In this optimized build, getting 64 entries took 13 secs. and from the log files, we could see that on the 3rd second we got the data from the JDBS, so the remaining 10 seconds were obviously spent somewhere in Penrose. Fetching the attributes for a single user took ~3 seconds (it should have been instantaneous). From the log files, it seemed that even when querying by DN, Penrose was doing linear scan, which was definitely a bad smell.
Revelation
Two days later, Jim called me again to try the new nightly build. He said that he had made some optimizations which would skip the joining part of the query and ome other stuff and by the way he mentioned to make sure that I have configured my reverse mappings.

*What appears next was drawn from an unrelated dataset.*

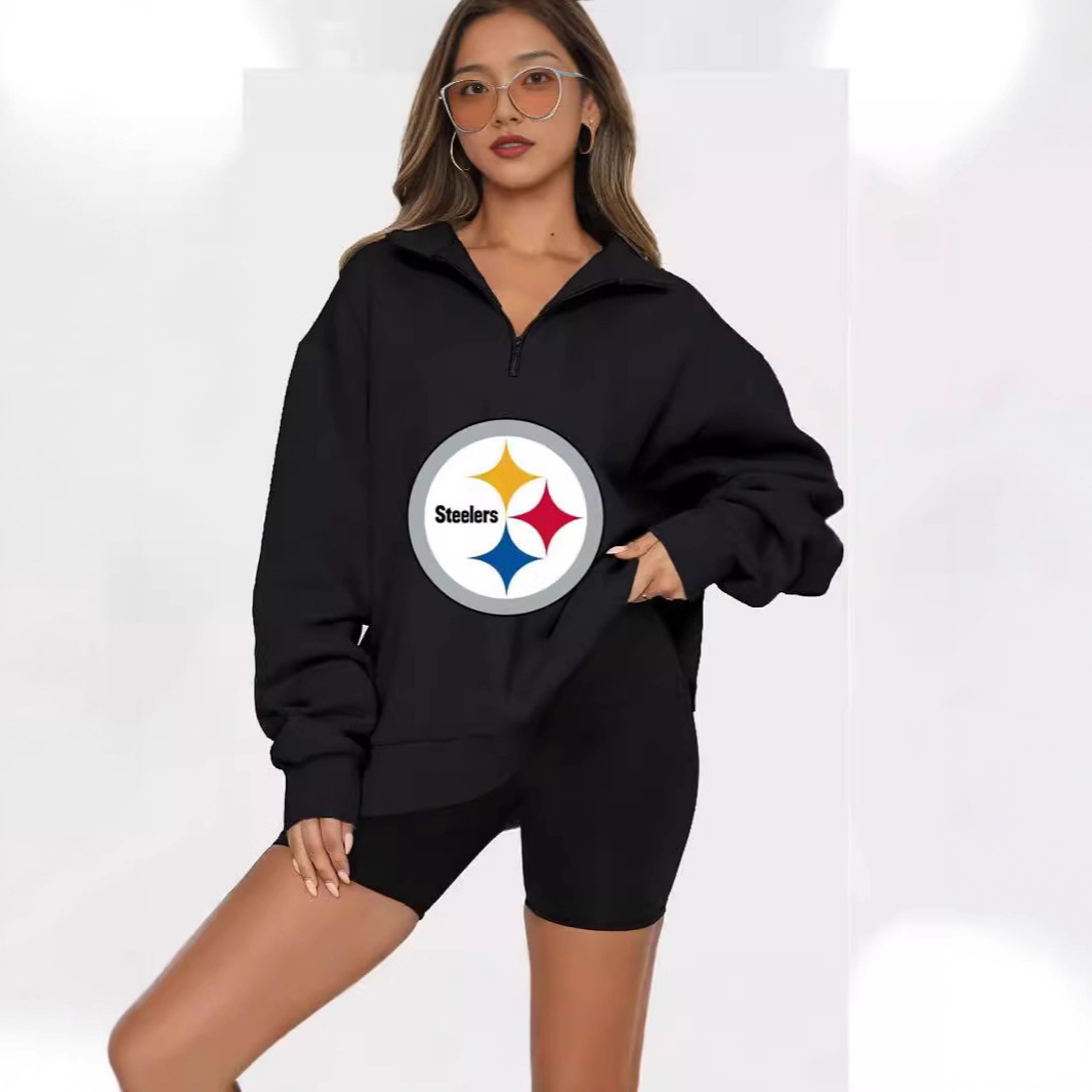 2024秋冬跨境卫衣3D数码印花立领女士街头潮流拉链polo卫衣208

First I tried the build with my old config and it was kind of faster, perhaps 20-30%. The real shock was when I configured the reverse mappings (click on the thumbnail below). Now, the reverse mappings is something that you use when you want to specify how to update your database through the Penrose provided LDAP interface. It turned out that they were used by the query optimizer as well and made the query by DN a near-constant speed operation.
Epilogue
Here are some final performance stats, measured on 11/17/2005 on 4 CPU 450 MHz SPARK Ultra 4500, Solaris 8.5 server. As a baseline we used the iPlanet directory server which stored our email addresses.
We measured the time taken from the moment we sent the request till the moment we get the first response and the time from the moment we sent the request till the moment we got the whole responses. Both times were measured for cold and warmed up cache.
List all entries
| Database | First Result - Cold Cache |
First Result - Warm Cache |
All Results - Cold Cache |
All Results - Warm Cache |
|---|---|---|---|---|
| 738 entries | 11 sec. | immediately | 20 sec. | 4 sec. |
| 1161 entries | 6 sec. | immediately | 20 sec. | 5 sec. |
| iPlanet - 78 entries | immediately | 2-3 sec. |
Query All Attributes for an Entry
| Database | Cold | Warm |
|---|---|---|
| 738 entries | 2 sec. | 1 sec. |
| 1161 entries | 1 sec. | 1 sec. |
| iPlanet - 78 entries | 1 sec. |
NOTE: All times were measured with stopwatch and Softerra LDAP Browser. For the warm cache, I beleive that the time taken by the LDAP browser GUI skews the results.